Алая заря - [62]
— Шиш, ни гроша не дали. Я говорю им: «Сеньориты, подайте милостыню для слепенького мужа, бедняжка сильно занемог, а у нас ничего нет, даже на лекарствия!»
— Ну, а они что же?
— А они ничего, прошли себе в церковь и даже не посмотрели в мою сторону. Потом я увязалась за ними до самого дома… тогда одна барыня кликнула сторожа и велела, чтобы он меня прогнал. Сука! Вот бутылка. Гони два реала!
— Два реала? Думаешь, меня легко надуть? За вранье получишь пару плюх.
— Не хочешь платить, не надо, но я правду говорю — провалиться мне на этом месте.
— Ну, ладно, давай сюда бутылку! — И Святая Фекла схватил бутылку, откупорил ее и начал пить, приговаривая:
— Неблагодарные, вот уж неблагодарные!
— Ага, видишь? — орала старуха, у которой желание обличать было сильнее, чем желание выпить. — Видишь, какие они?
— Неблагодарные! — ворчал нищий.
— Послушай, отец, — сказал ему Галстук, явно желая подтрунить над стариком. — А что вы им сделали хорошего? Молились за них, что ли?
— А это, по–твоему, мало? — отвечал старик, делая строгое лицо.
— По–моему, мало.
— Коли ты еретик, это не моя вина, — проворчал нищий, уже оросивший вином всю бороду.
Галстук и Чилина рассмеялись, а Святая Фекла держа в руках пустую бутылку и покачивая головой! бормотал сквозь зубы:
— Неблагодарные! Вот и делай теперь что–нибудь для людей!
Хуан с грустью наблюдал эту сцену. Пришла Манила. Чилина подошел к ней и стал требовать выручку. Было воскресенье, и парень хотел развлечься.
— Тут у меня всего несколько сантимов, — сказала она.
— Значит, успела уже растратить?
— Я сегодня ничего не заработала.
— Можешь мне не заливать. Гони деньги!
Она молчала. Чилина ударил ее по лицу — раз, другой, потом в ярости свалил ее на землю и стал топтать ногами и таскать за волосы. Она не издавала ни единого стона.
Наконец она вынула из чулка несколько монет, и Чилина, довольный, ушел.
Хуан и Манила развели костер из хвороста и в печальном молчании стали греться подле огня.

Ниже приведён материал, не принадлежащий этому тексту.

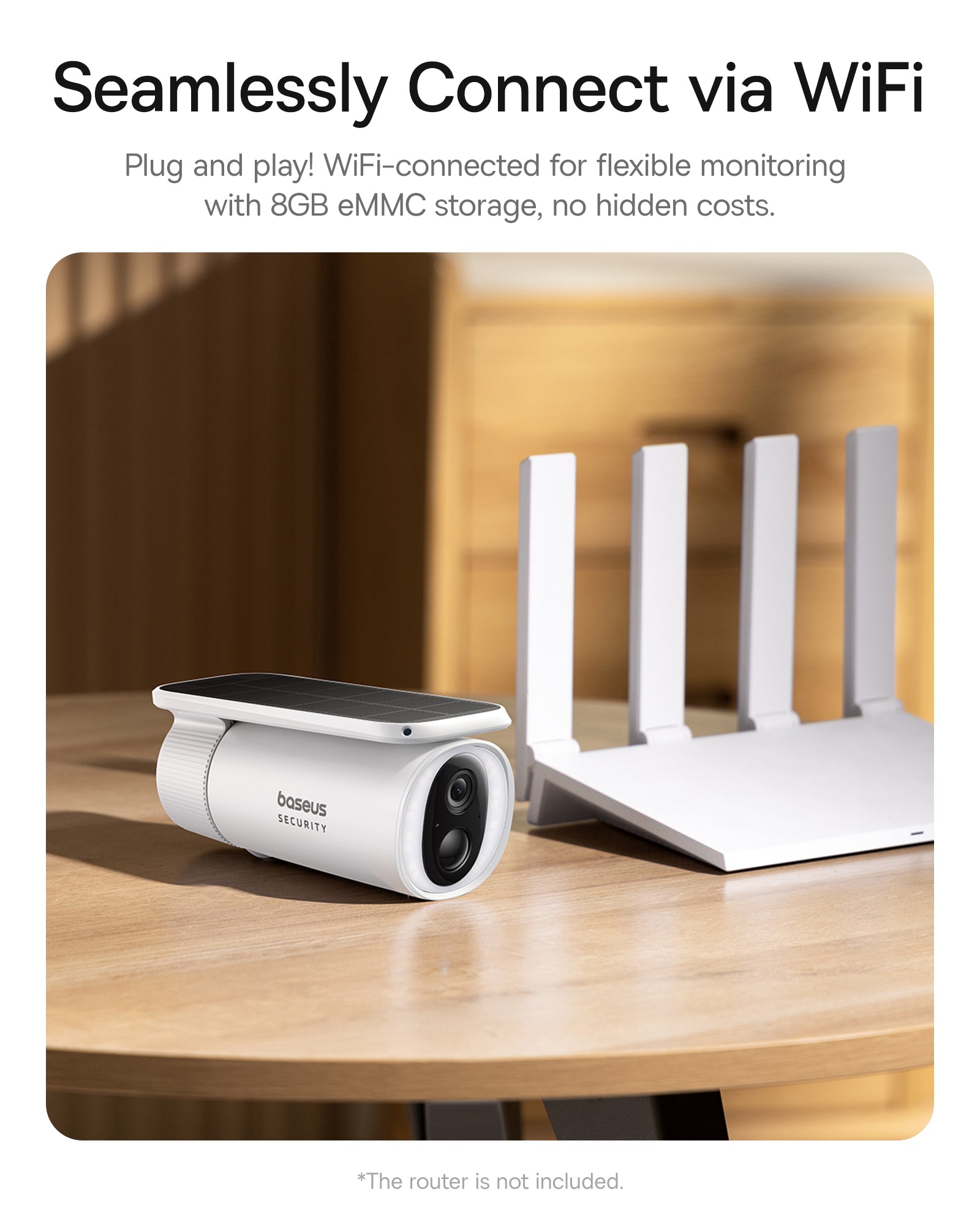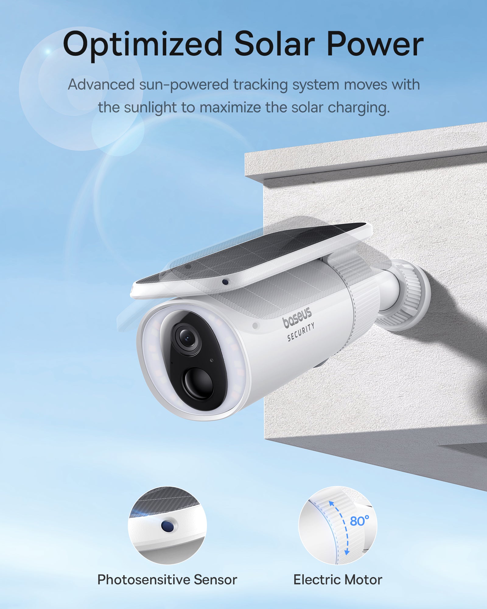 Solární kamera poskytuje nepřetržitý dohled bez kabelů. S pohybem 40° vlevo/vpravo je sluneční expozice maximální a stabilní napájení. Baterie 10400 mAh vydrží až 180 dní na jedno nabití. Video je ve 2K rozlišení se širokým 145° záběrem pro ostré detaily na velkém prostoru. AI detekce rozpozná lidi, umožní nastavit zóny aktivity a filtrovat nežádoucí zóny. Barevné noční vidění s 400 lm dosáhnete až 8 m. Uložení zajišťuje 8GB EMMC bez dalších poplatků, přičemž záznamy mohou být uložené až na 1,5 měsíce. Obousměrný zvuk s potlačením šumu dosáhne komunikace. IP67 a provozní teploty -20 °C až 50 °C zaručují funkčnost venku po celý rok. Snadná instalace pro kutily.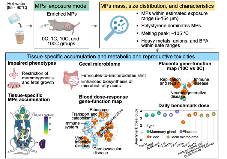 该研究首次系统揭示了在被普遍认为无害的DPCs消费水平下,MPs在孕鼠体内的组织特异性积累以及对代谢和生殖的毒性影响,强调了需要进一步评估和应对这些潜在健康危害,并呼吁制定相应的食品安全法规,特别是针对孕妇等高风险人群。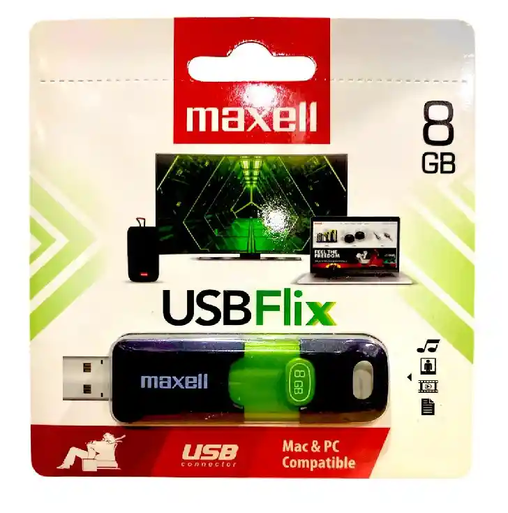 Memoria Usb Flix 8 Gb Maxel 2.0. Ideal para que puedas transferiir imagene, musica, documentos y otros entre computadores, tablets y dispositivos inteligentes esta USB te permitira almacenar hasta 8 GB

Потом Хуан пошел домой. Золото душ человеческих по–прежнему оставалось сокрытым.
V
Социологический снобизм. — Анархисты–интеллигенты. — Дым
Однажды Хуан получил письмо от какого–то незнакомого господина. Господин писал, что намеревается издавать журнал радикального направления, близкого к анархизму, и потому желает знать, может ли он рассчитывать на него и его друзей. Если они ничего не имеют против, он приглашает их зайти к нему на чашку кофе, и они смогут познакомиться с другими товарищами.
— Ну что, пойдем? — спросил Либертарий, обращаясь к Хуану.
— Почему бы и нет?
Хуан, Мануэль, Либертарий и Пратс отправились к незнакомому господину.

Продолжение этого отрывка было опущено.